■ Task data ■
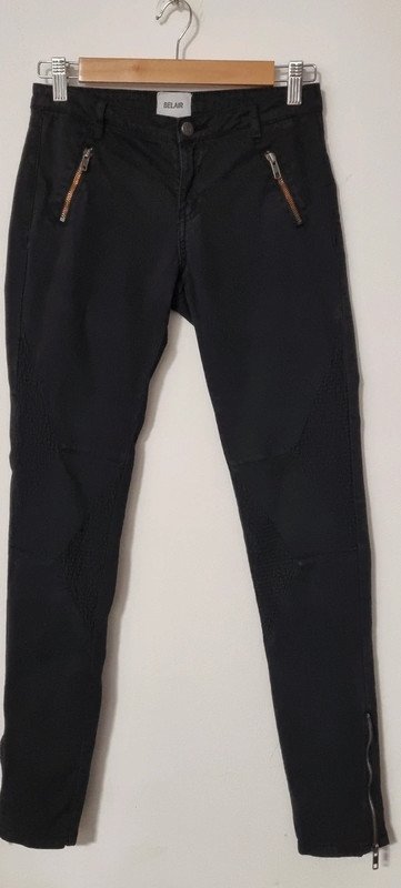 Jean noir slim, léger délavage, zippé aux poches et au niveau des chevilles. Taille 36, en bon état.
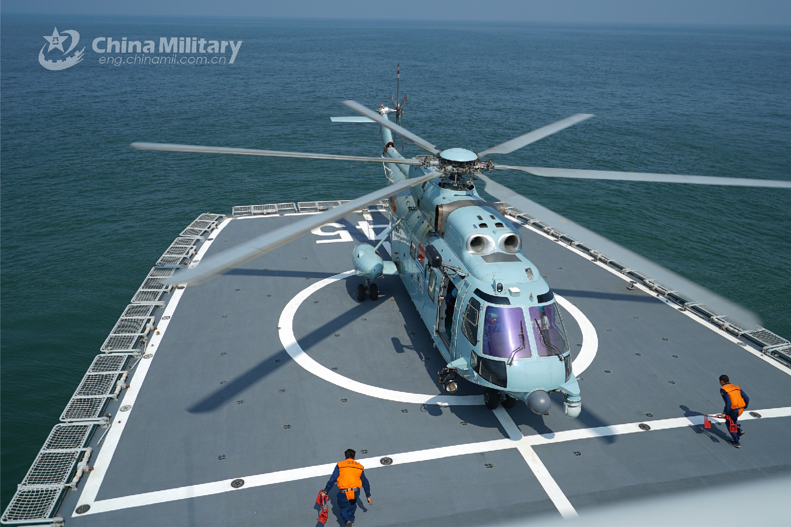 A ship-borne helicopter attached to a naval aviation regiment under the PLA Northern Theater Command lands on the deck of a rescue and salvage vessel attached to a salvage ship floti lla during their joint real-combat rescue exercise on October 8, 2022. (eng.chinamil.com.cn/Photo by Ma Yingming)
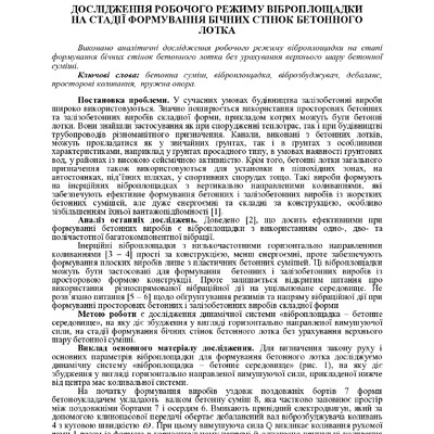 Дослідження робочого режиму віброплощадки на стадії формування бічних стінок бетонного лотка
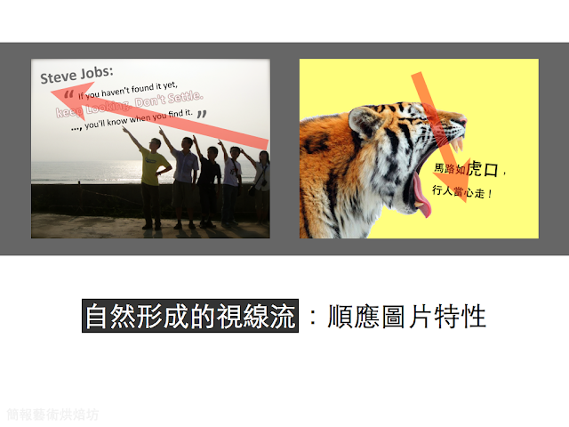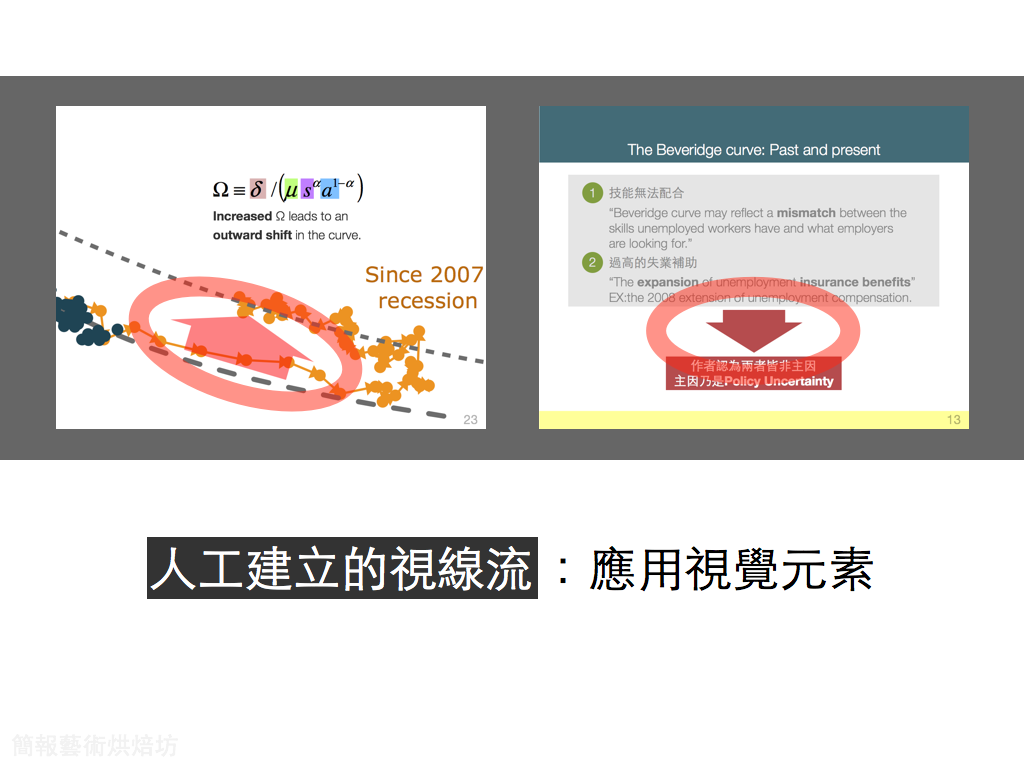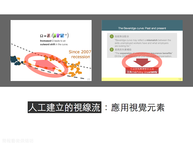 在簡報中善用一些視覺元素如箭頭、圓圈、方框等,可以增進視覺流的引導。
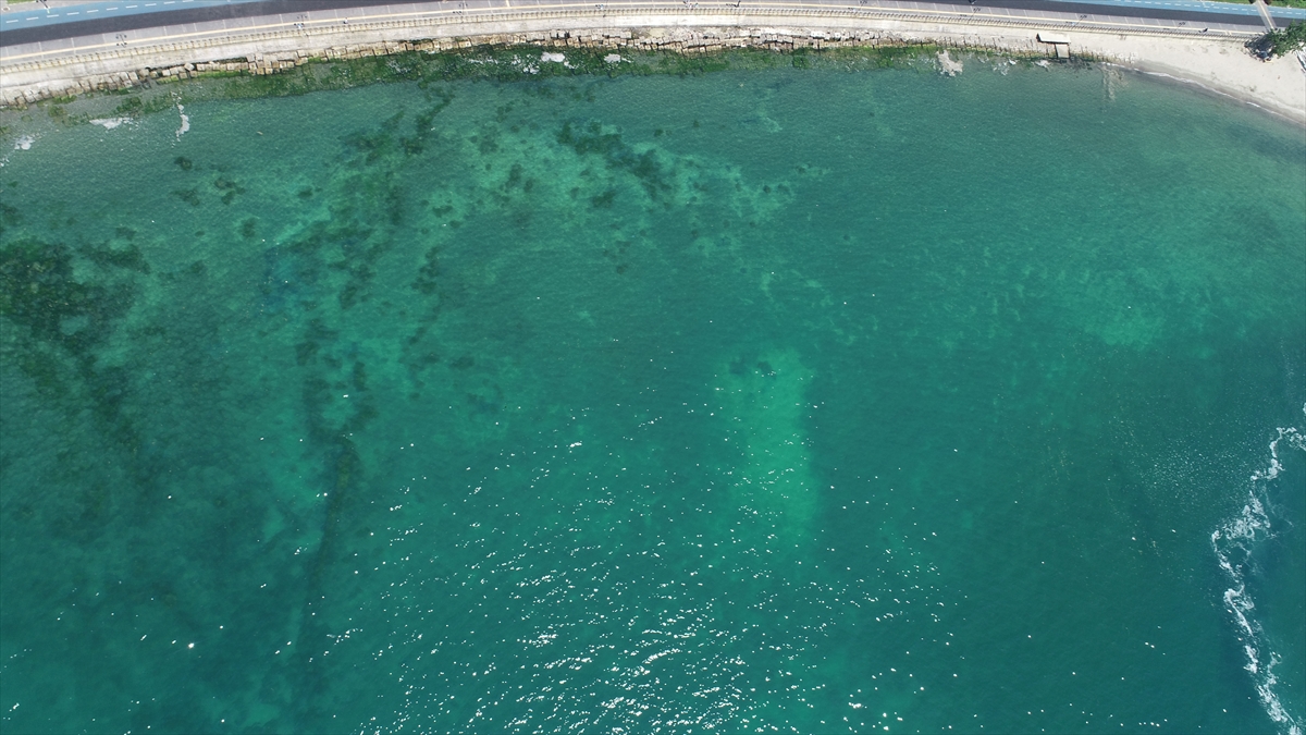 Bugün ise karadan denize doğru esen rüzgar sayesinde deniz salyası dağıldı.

* * *

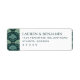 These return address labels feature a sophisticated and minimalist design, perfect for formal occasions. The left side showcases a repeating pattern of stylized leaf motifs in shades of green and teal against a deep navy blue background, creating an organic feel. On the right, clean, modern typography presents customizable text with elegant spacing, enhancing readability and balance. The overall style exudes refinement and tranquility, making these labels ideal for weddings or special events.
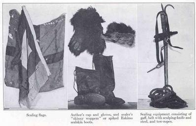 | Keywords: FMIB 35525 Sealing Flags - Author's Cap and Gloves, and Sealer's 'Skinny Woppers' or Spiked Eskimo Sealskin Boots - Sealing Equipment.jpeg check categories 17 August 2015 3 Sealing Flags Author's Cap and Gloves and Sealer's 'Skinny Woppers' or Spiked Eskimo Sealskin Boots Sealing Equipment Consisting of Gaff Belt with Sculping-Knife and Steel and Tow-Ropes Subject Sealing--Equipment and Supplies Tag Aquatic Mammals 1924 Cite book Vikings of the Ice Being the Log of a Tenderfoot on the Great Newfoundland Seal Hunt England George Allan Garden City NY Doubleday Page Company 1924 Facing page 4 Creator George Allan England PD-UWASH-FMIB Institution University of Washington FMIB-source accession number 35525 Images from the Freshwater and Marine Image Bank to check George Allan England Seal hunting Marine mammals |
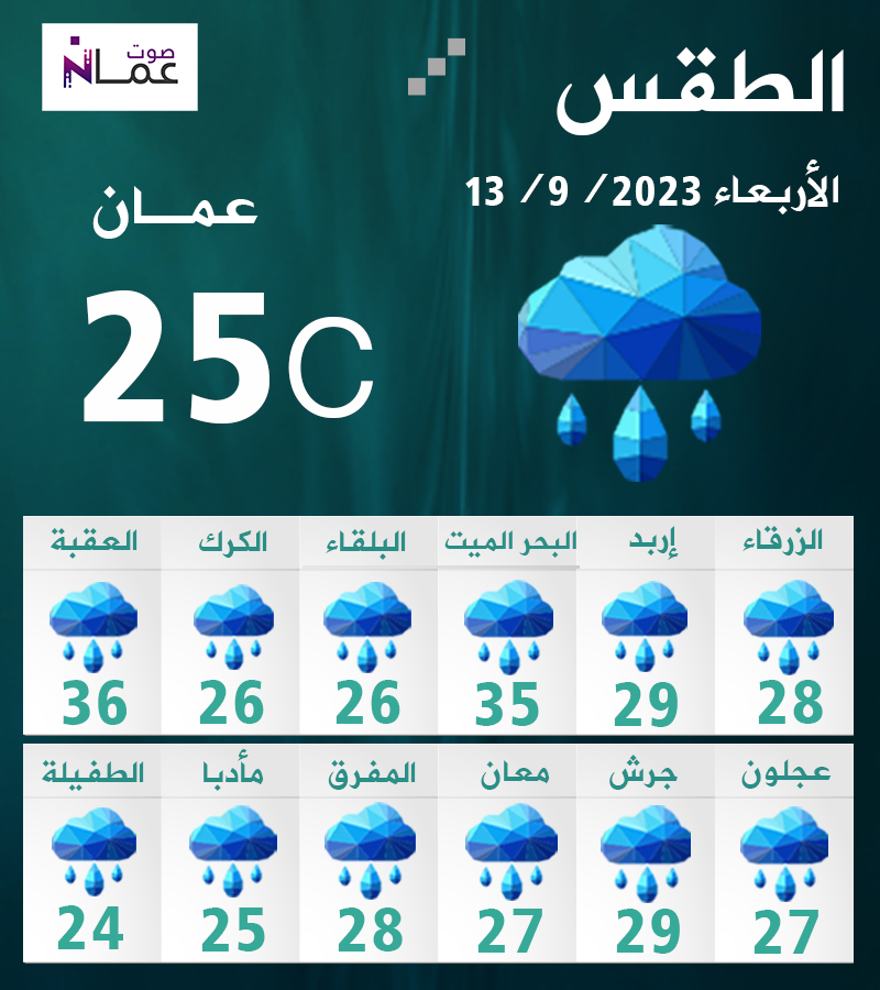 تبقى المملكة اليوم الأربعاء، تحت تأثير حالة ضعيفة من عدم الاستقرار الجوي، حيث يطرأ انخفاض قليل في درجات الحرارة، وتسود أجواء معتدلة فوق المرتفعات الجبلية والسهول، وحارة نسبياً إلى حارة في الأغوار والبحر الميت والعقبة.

...

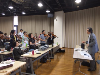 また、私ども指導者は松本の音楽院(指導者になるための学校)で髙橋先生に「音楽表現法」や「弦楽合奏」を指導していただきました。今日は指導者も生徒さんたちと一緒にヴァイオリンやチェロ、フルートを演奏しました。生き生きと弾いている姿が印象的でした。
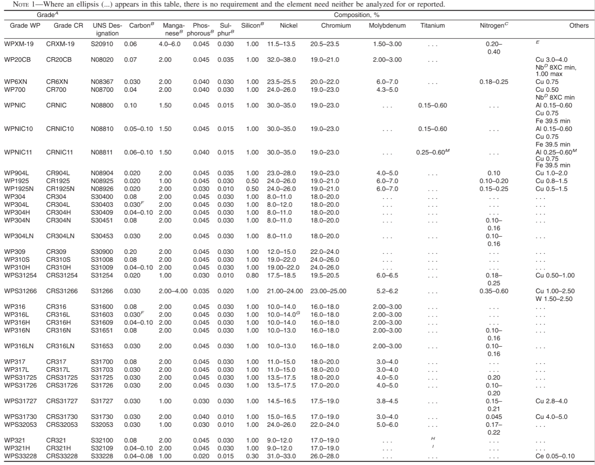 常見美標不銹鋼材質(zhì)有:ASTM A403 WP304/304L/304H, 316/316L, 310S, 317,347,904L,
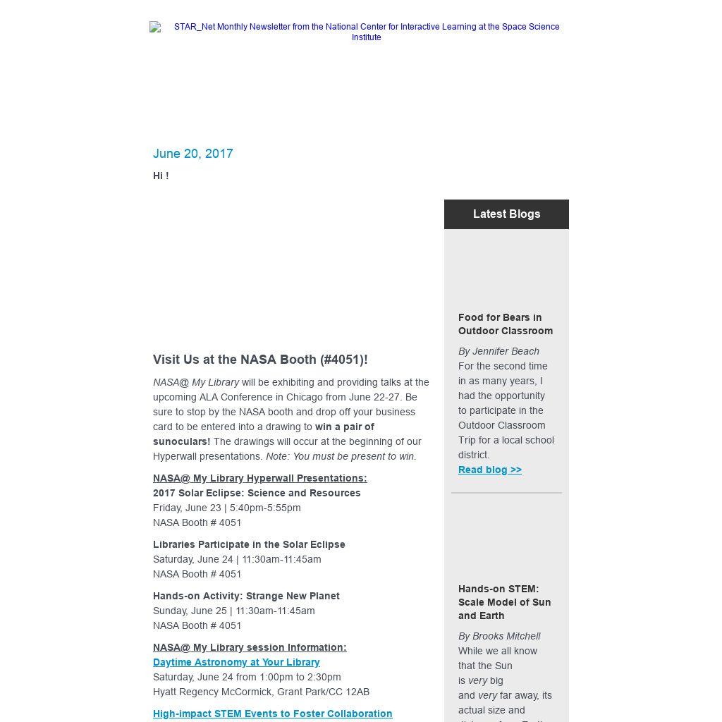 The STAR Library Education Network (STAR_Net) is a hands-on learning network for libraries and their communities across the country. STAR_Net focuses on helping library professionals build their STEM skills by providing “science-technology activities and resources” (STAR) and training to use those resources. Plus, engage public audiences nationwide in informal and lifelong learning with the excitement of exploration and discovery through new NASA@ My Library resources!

■ Aim of the exercise ■
Of all the material above, only the lines from the one that has "また、私ども指導者は松本の音" down to the one that has "The STAR Library" are to be written out, exactly and with both ends included. Pictures are skipped.

■ Output of the exercise ■
 また、私ども指導者は松本の音楽院(指導者になるための学校)で髙橋先生に「音楽表現法」や「弦楽合奏」を指導していただきました。今日は指導者も生徒さんたちと一緒にヴァイオリンやチェロ、フルートを演奏しました。生き生きと弾いている姿が印象的でした。
 常見美標不銹鋼材質(zhì)有:ASTM A403 WP304/304L/304H, 316/316L, 310S, 317,347,904L,
 The STAR Library Education Network (STAR_Net) is a hands-on learning network for libraries and their communities across the country. STAR_Net focuses on helping library professionals build their STEM skills by providing “science-technology activities and resources” (STAR) and training to use those resources. Plus, engage public audiences nationwide in informal and lifelong learning with the excitement of exploration and discovery through new NASA@ My Library resources!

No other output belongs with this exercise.